Expected Value and Exponential memoryless property

207 Views Asked by At

Given 8 runners, the time until they reach the finish line is distributed like so $X_1..X_8 \sim Exp(1)$ and they are independent from each other.

Let $T_1$ denote the time of the runner who got to the finish line first.

And $T_2$ denote the time for the runner who got to the finish line second.

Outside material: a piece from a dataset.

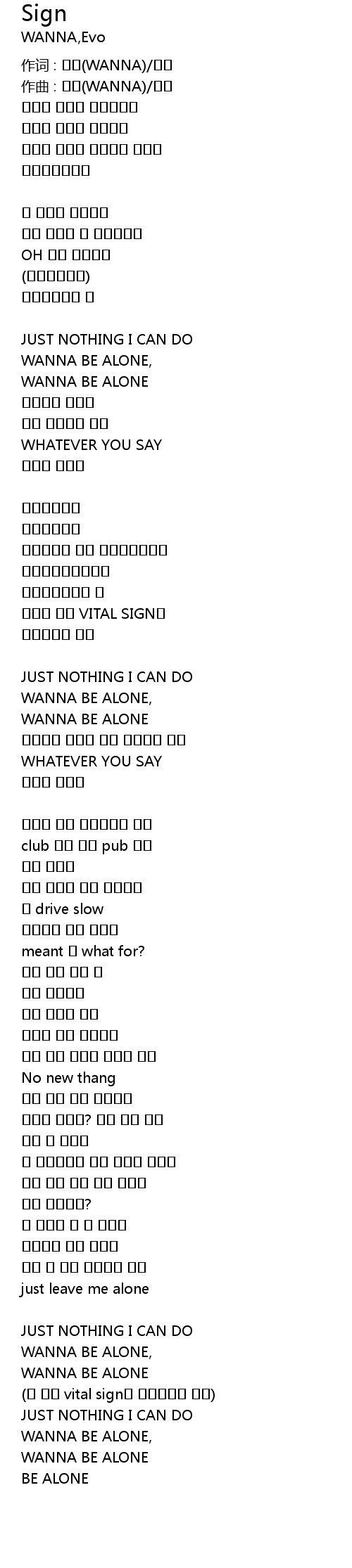 | WANNA BE ALONE, | |

I need to find $$E(T_2 - T_1)$$ Because of the memoryless property we know that the time between the second to arrive and the first to arrive is the time for the second to arrive which is: $min\{X_1..X_8/T_1\} $ which is the minimum of 7 Exponintial variables i.e. $$ T_2-T_1 \sim Exp(7) $$ thus $$E(T_2 - T_1) = 1/7$$ however, the expected value is linear, meaning $$E(T_2 - T_1) = E(T_2) - E(T_1) $$ amd $T_2,T_1$ are distributed exponintially as minimums of exponintials, Exp(7) and Exp(8) respectully. So we get $$E(T_2 - T_1) = E(T_2) - E(T_1)= 1/7 - 1/8 \neq 1/7 $$ What am I missing here?

2

There are 2 best solutions below

3
On BEST ANSWER

You have correctly said $E[T_2 - T_1] = \frac17$ (the answer to the question) due to memorylessness

and also correct to say that $E[T_1] =\frac18$

You were wrong to say $E[T_2]=\frac17$ and should have said $E[T_2]=\frac17+\frac18$

You could extend this to say $E[T_8] = \frac18+\frac17+\frac16+\frac15+\frac14+\frac13+\frac12+\frac11$

Think of it as $8$ Poisson processes each with a rate of $1$, equivalent to a single Poisson process with a rate of $8$. Then the first event occurs and that part drops out at an expected time of $\frac18$, so you are left with the equivalent of a Poisson process with a rate of $7$ and the first event of that occurs at an additional expected time of $\frac17$. So overall the expectation is $\frac18+\frac17$.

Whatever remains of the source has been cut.